Charity hosts hustings to highlight global impact of aid

Dec 06, 2019

The electoral candidates for Milton Keynes North, pictured at World Vision UK headquarters in Milton Keynes

THE ELECTORAL candidates for the Milton Keynes North constituency are pictured at a hustings hosted by the international children’s charity World Vision UK at its headquarters in the city.

Ahead of Thursday’s vote, Aisha Mir (Liberal Democrat), Charlynne Pullen, (Labour), Catherine Rose, (Green) and Ben Everitt (Conservative) answered questions from potential constituents and learned more about the global impact of World Vision’s work. 

World Vision’s chief executive Tim Pilkington said: “It is vital for us to maintain strong relationships with people in a position to deliver change for the children we serve around the world, including our MP. It is great to see those standing to be our local Member of Parliament taking an interest in the work that we do.” 

World Vision is calling on all general election candidates to ensure the UK government continues to spend 0.7% of its Gross National Income on international aid.
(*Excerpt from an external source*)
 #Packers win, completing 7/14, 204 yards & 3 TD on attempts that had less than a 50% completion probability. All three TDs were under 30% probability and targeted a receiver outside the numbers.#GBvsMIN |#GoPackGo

The charity is also urging candidates to keep the UK’s Department for International Development independent and prioritise ending violence against children in emergencies. 
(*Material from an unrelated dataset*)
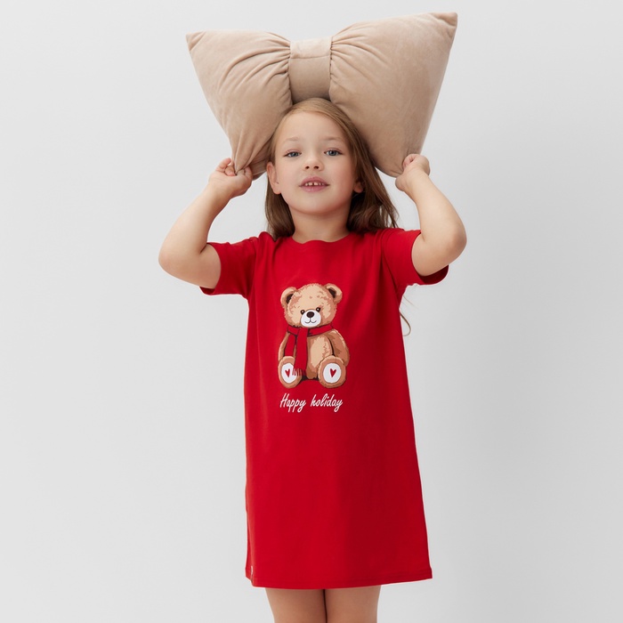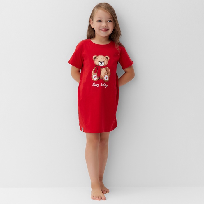 Сорочка для девочки новогодняя KAFTAN «Мишка в шарфе», размер 28 (86-92 см), красная

Mr Pilkington said: “UK aid plays a vital role in our efforts to reach the world’s most vulnerable children, including saving children’s lives in some of the harshest places.

“The generosity of the UK public has enabled World Vision and other partners to bring relief to those in dire humanitarian crises. It has also helped lift millions of people out of poverty and provide access to health services and education.

“We have long been proud to be based in Milton Keynes and look forward to working with our next MP for Milton Keynes North.” 

World Vision UK was set up in 1982 in response to the Ethiopian famine and moved to Milton Keynes in 1997, where the organisation employs around 250 staff. 

A recent highlight of the charity’s work was a campaign to empower neglected girls all over the world by helping them access education and reach their full potential. This campaign resulted in the British public sponsoring and changing the lives of over 1,000 girls.